DATA SECTION: Begin
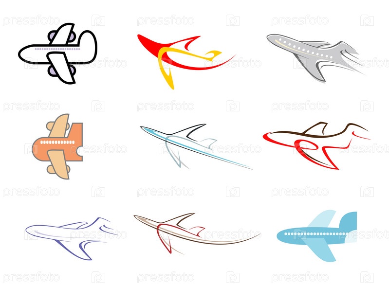 Изображения различных цветных самолетиков на белом фоне
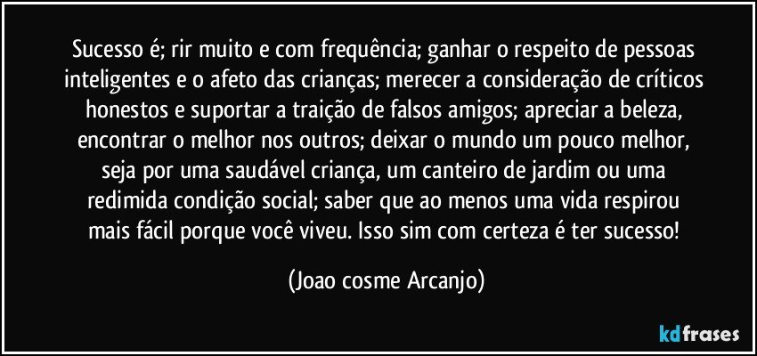Sucesso é; rir muito e com frequência; ganhar o respeito de pessoas inteligentes e o afeto das crianças; merecer a consideração de críticos honestos e suportar a traição de falsos amigos; apreciar a beleza, encontrar o melhor nos outros; deixar o mundo um pouco melhor, seja por uma saudável criança, um canteiro de jardim ou uma redimida condição social; saber que ao menos uma vida respirou mais fácil porque você viveu. Isso sim com certeza é ter sucesso!
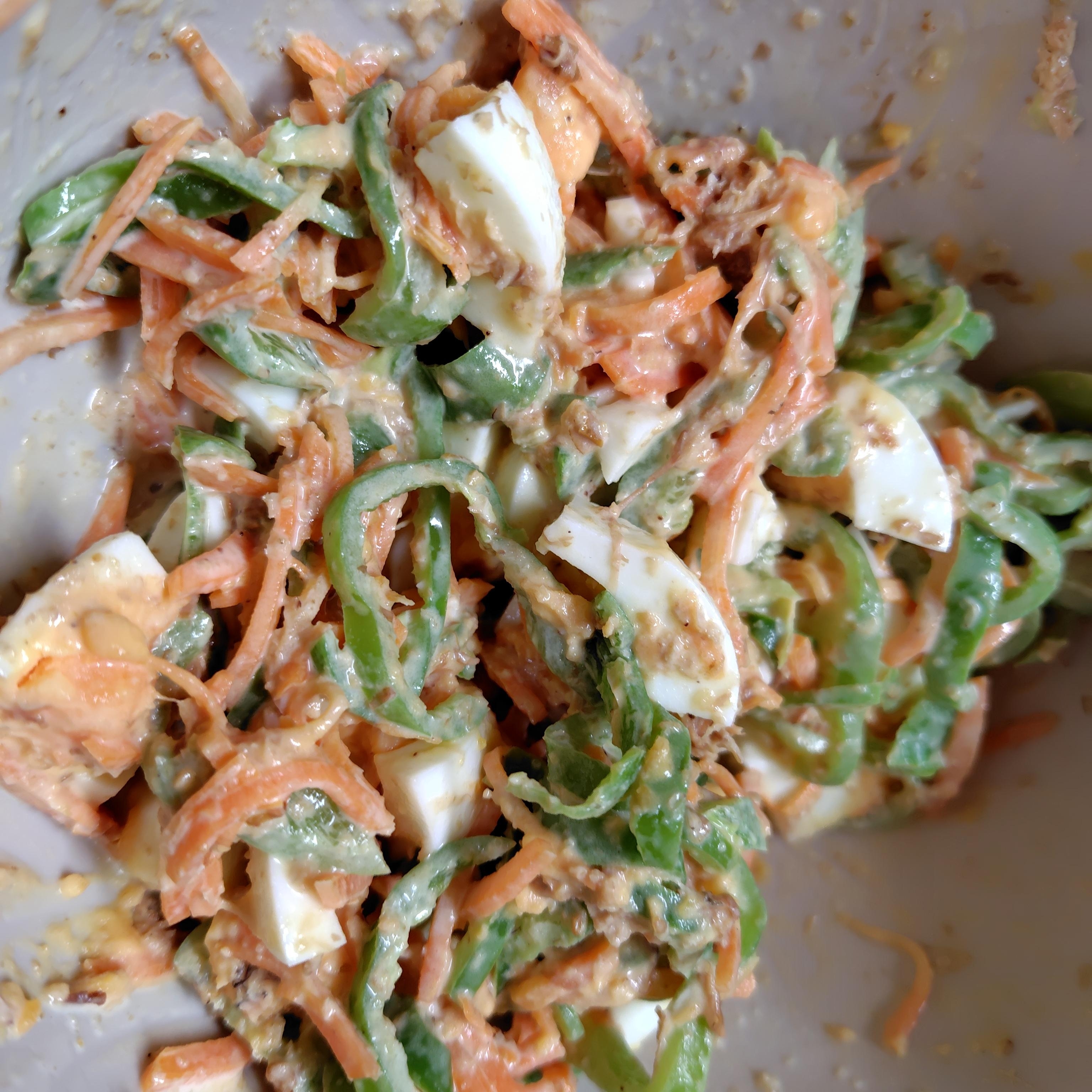 栄養満点♡ピーマンとにんじんと卵のごまマヨサラダ レシピ・作り方
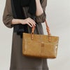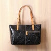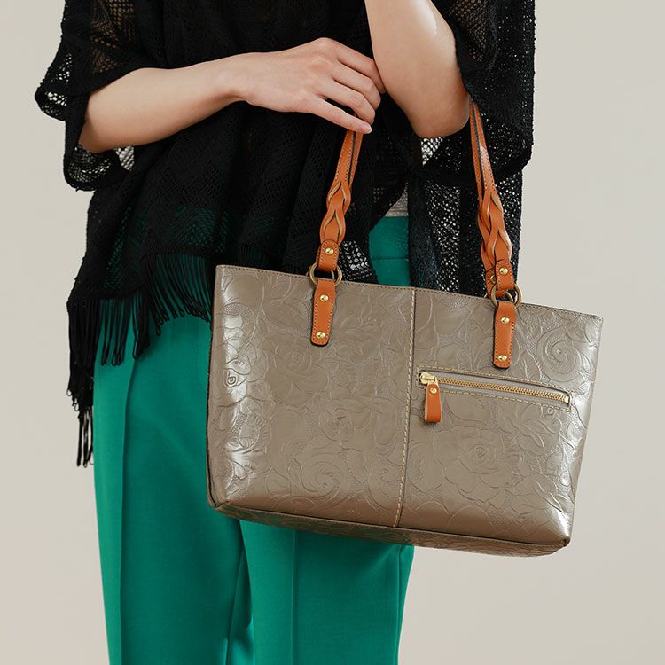 ローズの花柄を牛革に型押しした革で仕立てた本革トートバッグ。
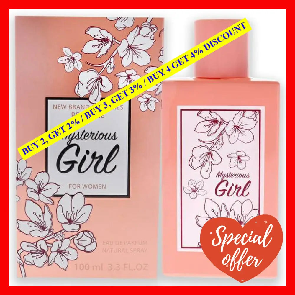 Introducing 'Mysterious Girl' by New Brand, a captivating fragrance designed exclusively for women. This enchanting perfume comes in a generous 3.3 oz Eau de Parfum spray, allowing you to indulge in its alluring scent that lasts all day long.
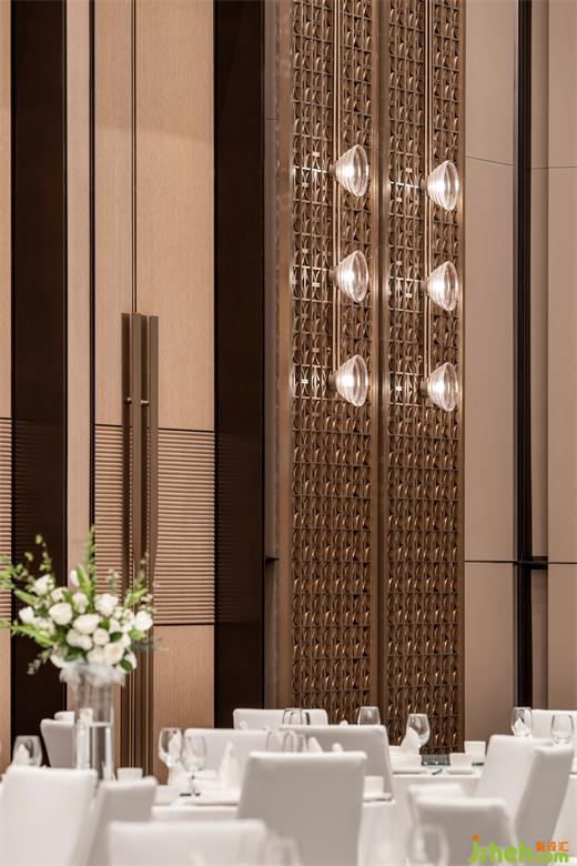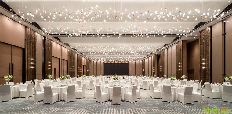 天花波瀾,燈飾起伏,宴會(huì)廳翻涌的波浪天花造型與錯(cuò)落有致的波紋狀圓形燈飾組合,重現(xiàn)了印度詩(shī)哲心中的濟(jì)南盛景。粼粼泉水,映射眼前,燈光乍亮,大者如珠,小者如璣,酒店設(shè)計(jì)仿若泉涌,靈動(dòng)萬千。
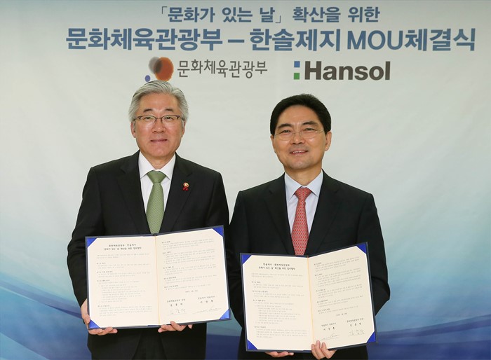 (서울=포커스뉴스) 28일 서울 용산구 국립극단 회의실에서 '문화가 있는 날' 확산을 위한 업무협약(MOU) 체결식에서 김종덕 문화체육관광부 장관과 이상훈 한솔제지 대표이사가 업무협약서에 서명을 마친 뒤 기념촬영을 하고 있다. <사진제공=문화체육관광부>
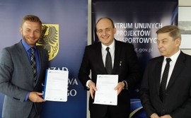 Wicemarszałkowie województwa pomorskiego Ryszard Świlski i Czesław Elzanowski podpisali dzisiaj w Warszawie umowę z Centrum Unijnych Projektów Transportowych o udzieleniu Województwu Pomorskiemu dofinansowania na realizację projektu pn. „Zakup 10 sztuk spalinowych zespołów trakcyjnych do obsługi Pomorskiej Kolei Metropolitalnej w Trójmieście” w ramach Programu Operacyjnego Infrastruktura i Środowisko.
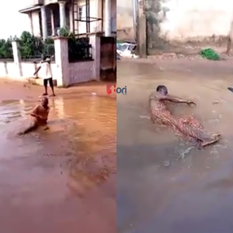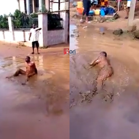 A video which emerged online and is already going viral on social media show a Nigerian soldier forcing a man so roll inside a dirty water.
DATA SECTION: End
GOAL OF THE EXERCISE: Leave out the pictures, then return every line of the data exactly.

RESPONSE FOR THIS EXERCISE:
 Изображения различных цветных самолетиков на белом фоне
Sucesso é; rir muito e com frequência; ganhar o respeito de pessoas inteligentes e o afeto das crianças; merecer a consideração de críticos honestos e suportar a traição de falsos amigos; apreciar a beleza, encontrar o melhor nos outros; deixar o mundo um pouco melhor, seja por uma saudável criança, um canteiro de jardim ou uma redimida condição social; saber que ao menos uma vida respirou mais fácil porque você viveu. Isso sim com certeza é ter sucesso!
 栄養満点♡ピーマンとにんじんと卵のごまマヨサラダ レシピ・作り方
 ローズの花柄を牛革に型押しした革で仕立てた本革トートバッグ。
 Introducing 'Mysterious Girl' by New Brand, a captivating fragrance designed exclusively for women. This enchanting perfume comes in a generous 3.3 oz Eau de Parfum spray, allowing you to indulge in its alluring scent that lasts all day long.
 天花波瀾,燈飾起伏,宴會(huì)廳翻涌的波浪天花造型與錯(cuò)落有致的波紋狀圓形燈飾組合,重現(xiàn)了印度詩(shī)哲心中的濟(jì)南盛景。粼粼泉水,映射眼前,燈光乍亮,大者如珠,小者如璣,酒店設(shè)計(jì)仿若泉涌,靈動(dòng)萬千。
 (서울=포커스뉴스) 28일 서울 용산구 국립극단 회의실에서 '문화가 있는 날' 확산을 위한 업무협약(MOU) 체결식에서 김종덕 문화체육관광부 장관과 이상훈 한솔제지 대표이사가 업무협약서에 서명을 마친 뒤 기념촬영을 하고 있다. <사진제공=문화체육관광부>
 Wicemarszałkowie województwa pomorskiego Ryszard Świlski i Czesław Elzanowski podpisali dzisiaj w Warszawie umowę z Centrum Unijnych Projektów Transportowych o udzieleniu Województwu Pomorskiemu dofinansowania na realizację projektu pn. „Zakup 10 sztuk spalinowych zespołów trakcyjnych do obsługi Pomorskiej Kolei Metropolitalnej w Trójmieście” w ramach Programu Operacyjnego Infrastruktura i Środowisko.
 A video which emerged online and is already going viral on social media show a Nigerian soldier forcing a man so roll inside a dirty water.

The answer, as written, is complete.